L’adjudant-chef Gaudreau – Adjudant-chef du JAG – prononce un discours au public.
Les enjeux de la justice militaire dans les opérations
Le fait que le système de justice militaire puisse être mis en place n’importe où crée des défis particuliers à relever. Pour s’assurer que le système est en mesure de maintenir la discipline et de rendre justice dans les conditions souvent austères des déploiements outre-mer, le Cabinet du JAG essaie de clarifier les rôles et les compétences des participants du système.

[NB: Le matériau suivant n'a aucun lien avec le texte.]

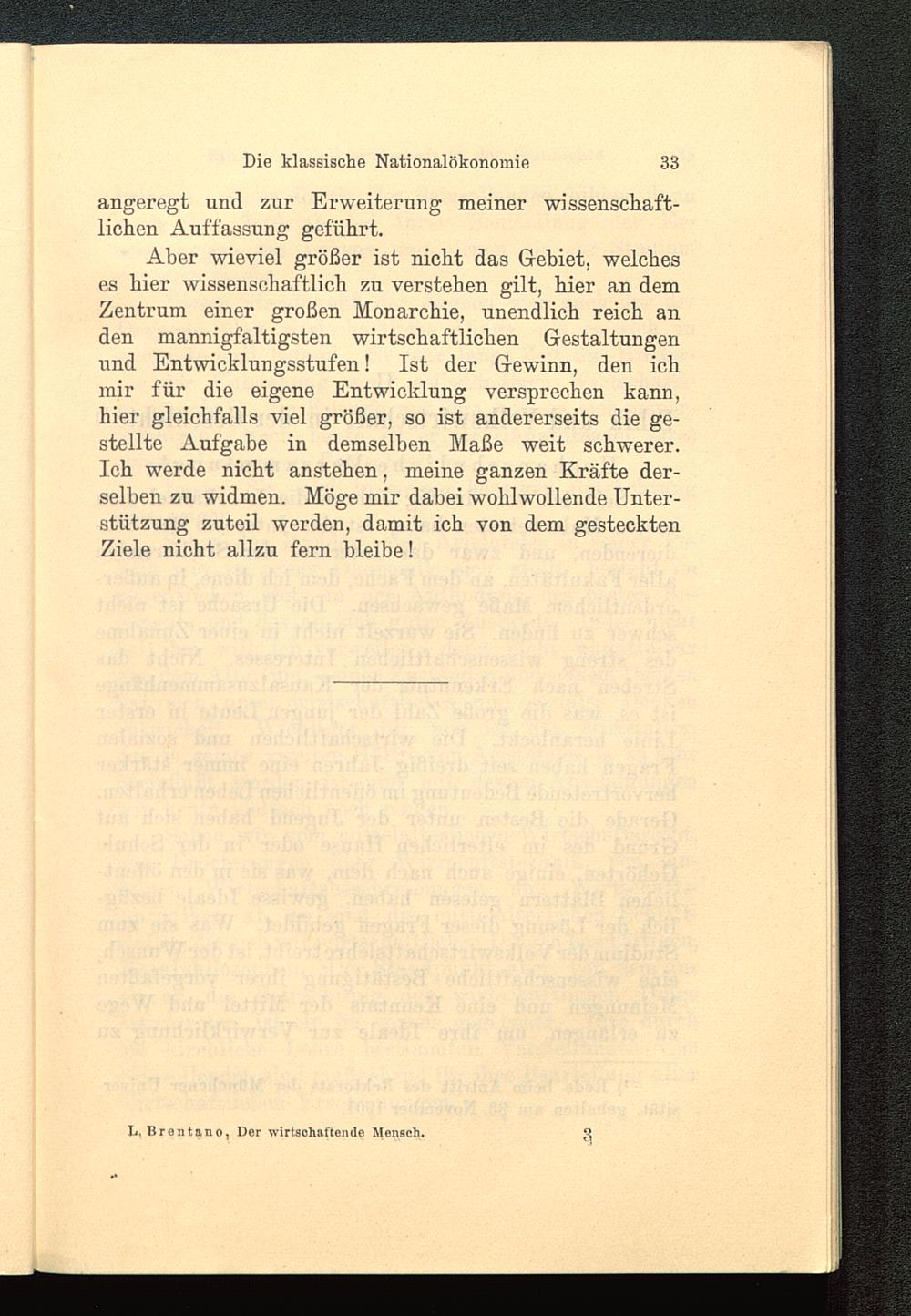 Aber wieviel größer ist nicht das Gebiet, welcheses hier wissenschaftlich zu verstehen gilt, hier an demZentrum einer großen Monarchie, unendlich reich anden mannigfaltigsten wirtschaftlichen Gestaltungenund Entwicklungsstufen! Ist der Gewinn, den ichmir für die eigene Entwicklung versprechen bann,hier gleichfalls viel größer, so ist andererseits die ge-stellte Aufgabe in demselben Maße weit schwerer.Ich werde nicht anstehen, meine ganzen Kräfte der-selben zu widmen. Möge mir dabei wohlwollende Unter-stützung zuteil werden, damit ich von dem gestecktenZiele nicht allzu fern bleibe!
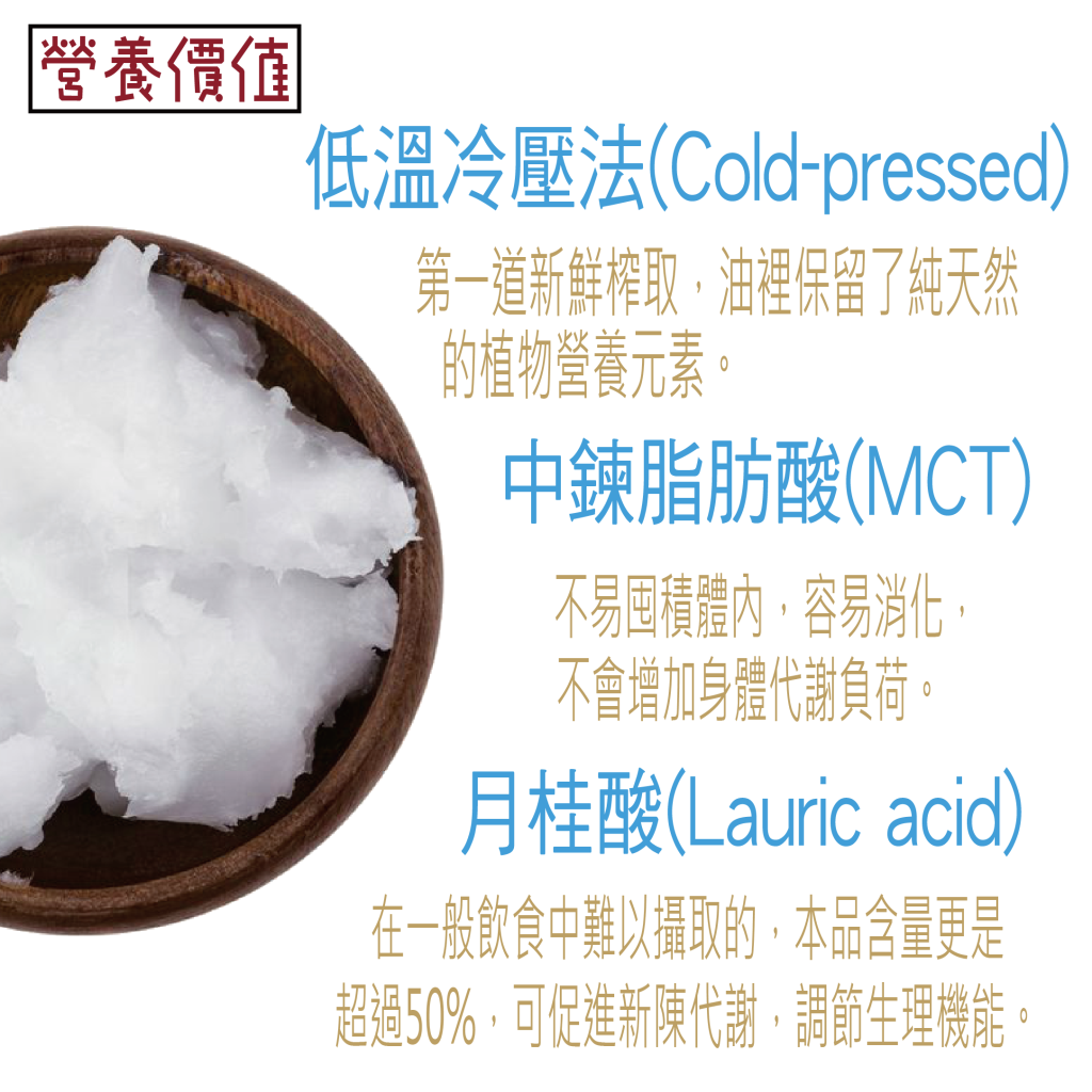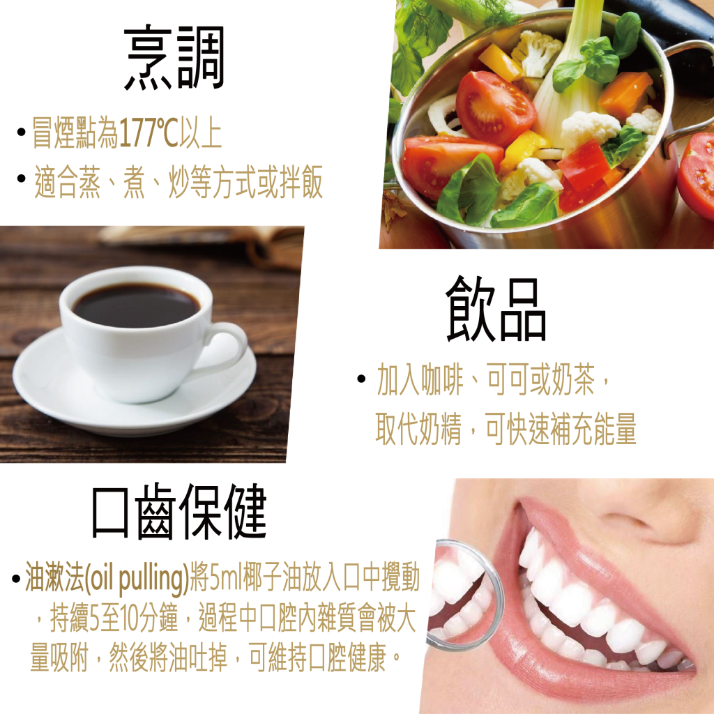 ?● 低溫冷壓第一道新鮮榨取椰子油,未經精煉,保留完整營養

Le Cabinet du JAG conçoit notamment des politiques sur la délégation du pouvoir des commandants de présider les procès sommaires et de porter des accusations.
Les documents de formation relatifs à la justice militaire
Tout au long de la période visée par le rapport, le Cabinet du JAG a travaillé avec l’Académie canadienne de la Défense et le Centre de droit militaire à la mise à jour des documents de formation relatifs à la justice militaire pour suivre l’évolution du système de justice. Les documents ont été notamment revus pour tenir compte des changements qui ont fait suite au projet de loi C-60 (L.C. 2008, ch. 29).